At the beginning of Ch.8 of the book Apostol's Analytic Number Theory, it is written:
[consider] ... the exponential function $$f(n) = e^{2\pi i mn/k} $$ where $m$ and $k$ are fixed integers. The number $e^{2\pi i m/k}$ is a $k$th root of unity and $f(n)$ is its $n$th power.
Is this true if $\gcd (m,k)>1$? Isn't it necessary for $m$ to be either prime or $1$?
For example let $k=2m$ and $m$ is a prime, then the number $e^{2\pi i m/k}$ will be $\frac{k}2$th of root of unity.

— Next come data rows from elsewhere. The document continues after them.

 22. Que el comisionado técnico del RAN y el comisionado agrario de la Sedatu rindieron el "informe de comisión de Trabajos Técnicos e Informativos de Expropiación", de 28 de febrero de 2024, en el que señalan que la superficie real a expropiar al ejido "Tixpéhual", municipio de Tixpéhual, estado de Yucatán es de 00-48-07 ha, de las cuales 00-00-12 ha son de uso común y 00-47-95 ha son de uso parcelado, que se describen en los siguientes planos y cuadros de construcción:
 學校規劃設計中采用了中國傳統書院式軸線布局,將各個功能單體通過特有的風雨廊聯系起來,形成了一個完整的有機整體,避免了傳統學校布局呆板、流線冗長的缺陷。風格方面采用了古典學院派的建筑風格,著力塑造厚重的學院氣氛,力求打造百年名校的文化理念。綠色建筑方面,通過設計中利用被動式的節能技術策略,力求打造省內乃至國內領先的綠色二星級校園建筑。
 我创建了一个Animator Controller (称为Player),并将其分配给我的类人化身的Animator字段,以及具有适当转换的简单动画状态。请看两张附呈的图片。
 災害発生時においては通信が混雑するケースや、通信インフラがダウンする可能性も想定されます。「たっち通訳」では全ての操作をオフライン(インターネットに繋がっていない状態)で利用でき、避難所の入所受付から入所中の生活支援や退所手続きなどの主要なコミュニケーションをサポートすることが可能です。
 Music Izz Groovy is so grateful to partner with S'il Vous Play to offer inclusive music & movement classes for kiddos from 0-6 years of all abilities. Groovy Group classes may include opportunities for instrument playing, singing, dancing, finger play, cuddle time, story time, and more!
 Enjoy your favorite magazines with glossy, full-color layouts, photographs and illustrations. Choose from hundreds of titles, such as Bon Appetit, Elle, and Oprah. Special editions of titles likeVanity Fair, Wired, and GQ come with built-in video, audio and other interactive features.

Later on the book it appears that the $\gcd (m,k)=1$ is never considered.
All that is necessary (and sufficient) for $z$ to be a $k$th root of unity is for $z^k = 1$. That is all.
$$(e^{2 \pi i m / k})^k = e^{2 \pi i m} = 1$$
So they're all $k$th roots.
If, for example, $k = a \cdot m$, then it will also be true that it's an $a$th root:
$$(e^{2 \pi i m / k})^a = (e^{2 \pi i m/(a\cdot m)})^a = 1$$
So given $k = q \cdot m$, then for which $b \in \mathbb N$ is this a $b$th root? $$(e^{2 \pi i m / k})^b = (e^{2 \pi i /q})^b = 1 \quad\text{ iff }\quad b/q \in \mathbb Z \; .$$ Now $b/q = b/(k/m) = bm/k$. This tells us that $e^{2 \pi i m /k}$ is a $b$th root precisely when $b$ is a multiple of $k/m$. So what is the smallest integral multiple of $k/m$? It is $k/\mathrm{gcd}(k,m)$. To see this, first imagine simplifying the fraction by eliminating common factors: this is $\mathrm{gcd}(k,m)$. Then we multiply by the denominator, which is now $m/\mathrm{gcd}(k,m)$. We multiply this by $k/m$ to obtain its smallest integral multiple.
In conclusion, $e^{2 \pi i m / k}$ is a $b$th root for precisely the following $b$:
$$b \in \{ n \cdot k / \mathrm{gcd}(k,m) : n \in \mathbb N\}$$